(Work to be completed):
What's needed is the listing below, repeated word for word with no pictures.

(Information supplied):
◇ ◇ ◇

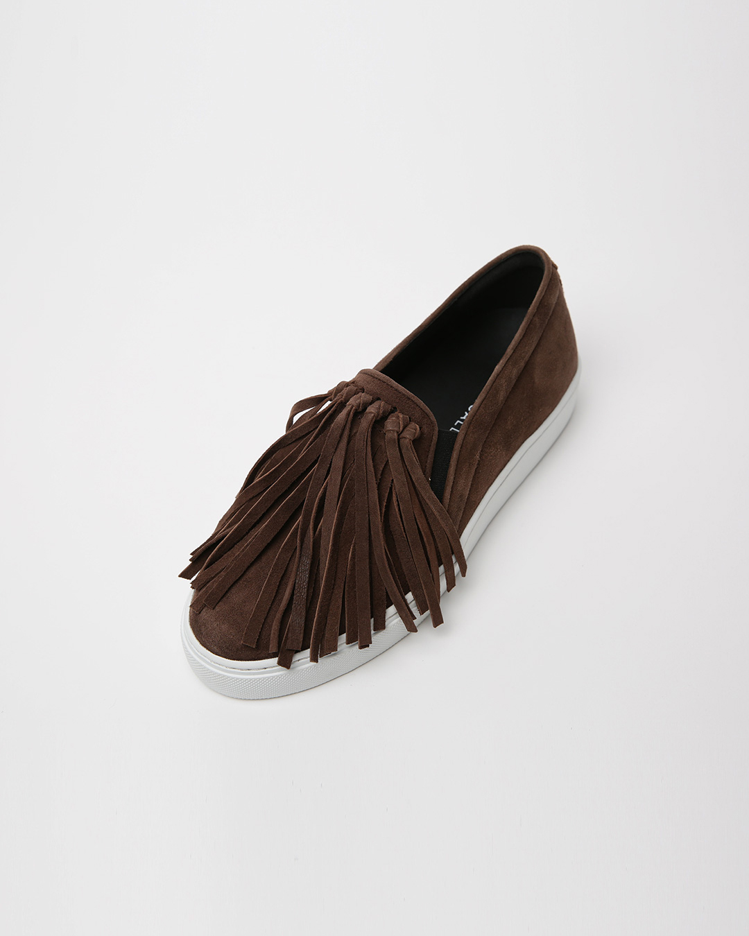 귀여운 슬립온 스타일에 고급스러운 양가죽 스웨이드 소재로 고급스러움을 더한 스니커즈. 따스해보이는 이중 이중 프린지 장식 포인트랍니다. 발걸음마다 느껴지는 찰랑찰랑하고 풍부한 태슬 장식이 있어 화려하면서 고급스러운 매력을 느낄 수 있어요. 심플하지만 고급스러운 포인트로 어디에나 매치하기 좋은 아이랍니다. 안쪽까지 가죽으로 처리한 디테일을 확인해보세요. 특허 받은 쿠션을 사용하여 편안한 착용감은 물론, 겉으로 보이는 굽 3cm, 속굽 2cm로 설계된 총 5cm의 비밀이 있어 한 층 더 스타일리시한 실루엣 연출할 수 있어요 😊
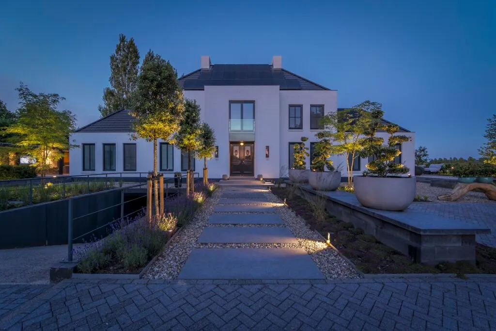 Een belangrijke voorwaarde bij de aanleg van de tuin was dat die ruimtelijkheid behouden moest blijven. “Er loopt hier veel wild en dat mag niet gestoord worden”, vertelt Roald van Genderen van ROALD Tuindesign. Daarom ook concentreerde hij zich op de vier zijden van de woning. Tegen elke gevel kwam een tuindeel met een geheel eigen functie en sfeer. Roald werkte bij deze opdracht nauw samen met Byzonder Buyten die de verschillende bestratingsmaterialen én verlichting leverde. Aan de voorzijde van de woning was de oprit al bestaand. Deze is ruim vanwege het vele bezoek, maar ook omdat de entree van de ondergrondse kelder goed bereikbaar moest zijn. Roald veranderde met name de sfeer richting de voordeur. “Ik heb veel groen toegevoegd, het geheel chiquer gemaakt. Zonder in te leveren op functionaliteit.” Het pad bestaat uit grote Schellevis betontegels in de maat 1 x 2 meter. “In verhouding met de omgeving. Alles is hier groot.” De tegels zijn omgeven door grind dat al aanwezig was, maar dat hij aanvulde met extra grof grind, ook weer in verhouding met de rest. “Grof grind blijft ook beter op zijn plek. Daarnaast bevordert het de regenwaterafvoer.
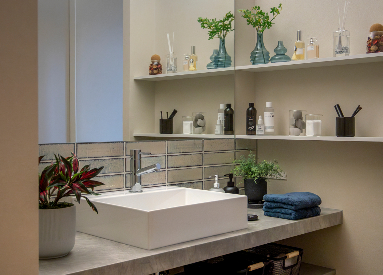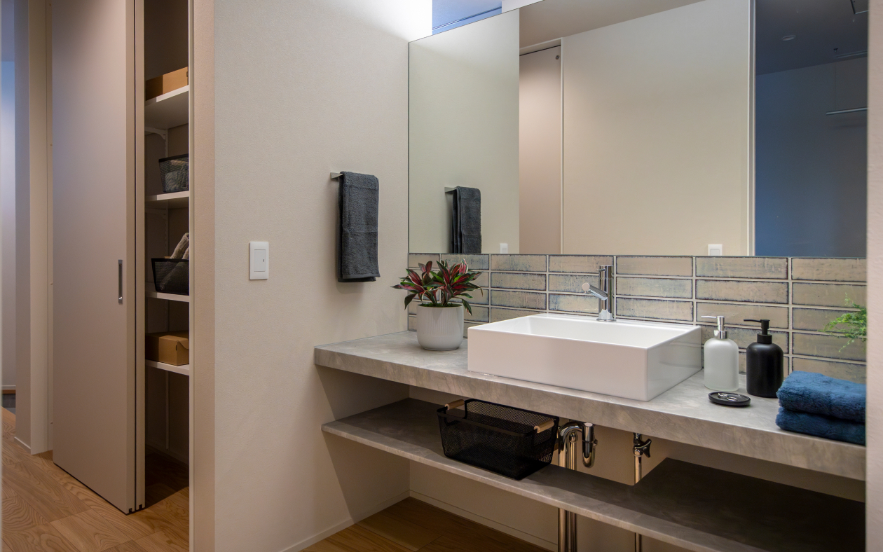 通路を生かした洗面スペースは、上部を開口にして圧迫感を感じさせない工夫が。右手側にはオープン棚があり、グリーンやお気に入りのケアアイテムを置ける。奥には扉付きの大型収納があり、隠したいものはここへ。

◇ ◇ ◇

(Response to the task):
 귀여운 슬립온 스타일에 고급스러운 양가죽 스웨이드 소재로 고급스러움을 더한 스니커즈. 따스해보이는 이중 이중 프린지 장식 포인트랍니다. 발걸음마다 느껴지는 찰랑찰랑하고 풍부한 태슬 장식이 있어 화려하면서 고급스러운 매력을 느낄 수 있어요. 심플하지만 고급스러운 포인트로 어디에나 매치하기 좋은 아이랍니다. 안쪽까지 가죽으로 처리한 디테일을 확인해보세요. 특허 받은 쿠션을 사용하여 편안한 착용감은 물론, 겉으로 보이는 굽 3cm, 속굽 2cm로 설계된 총 5cm의 비밀이 있어 한 층 더 스타일리시한 실루엣 연출할 수 있어요 😊
 Een belangrijke voorwaarde bij de aanleg van de tuin was dat die ruimtelijkheid behouden moest blijven. “Er loopt hier veel wild en dat mag niet gestoord worden”, vertelt Roald van Genderen van ROALD Tuindesign. Daarom ook concentreerde hij zich op de vier zijden van de woning. Tegen elke gevel kwam een tuindeel met een geheel eigen functie en sfeer. Roald werkte bij deze opdracht nauw samen met Byzonder Buyten die de verschillende bestratingsmaterialen én verlichting leverde. Aan de voorzijde van de woning was de oprit al bestaand. Deze is ruim vanwege het vele bezoek, maar ook omdat de entree van de ondergrondse kelder goed bereikbaar moest zijn. Roald veranderde met name de sfeer richting de voordeur. “Ik heb veel groen toegevoegd, het geheel chiquer gemaakt. Zonder in te leveren op functionaliteit.” Het pad bestaat uit grote Schellevis betontegels in de maat 1 x 2 meter. “In verhouding met de omgeving. Alles is hier groot.” De tegels zijn omgeven door grind dat al aanwezig was, maar dat hij aanvulde met extra grof grind, ook weer in verhouding met de rest. “Grof grind blijft ook beter op zijn plek. Daarnaast bevordert het de regenwaterafvoer.
 通路を生かした洗面スペースは、上部を開口にして圧迫感を感じさせない工夫が。右手側にはオープン棚があり、グリーンやお気に入りのケアアイテムを置ける。奥には扉付きの大型収納があり、隠したいものはここへ。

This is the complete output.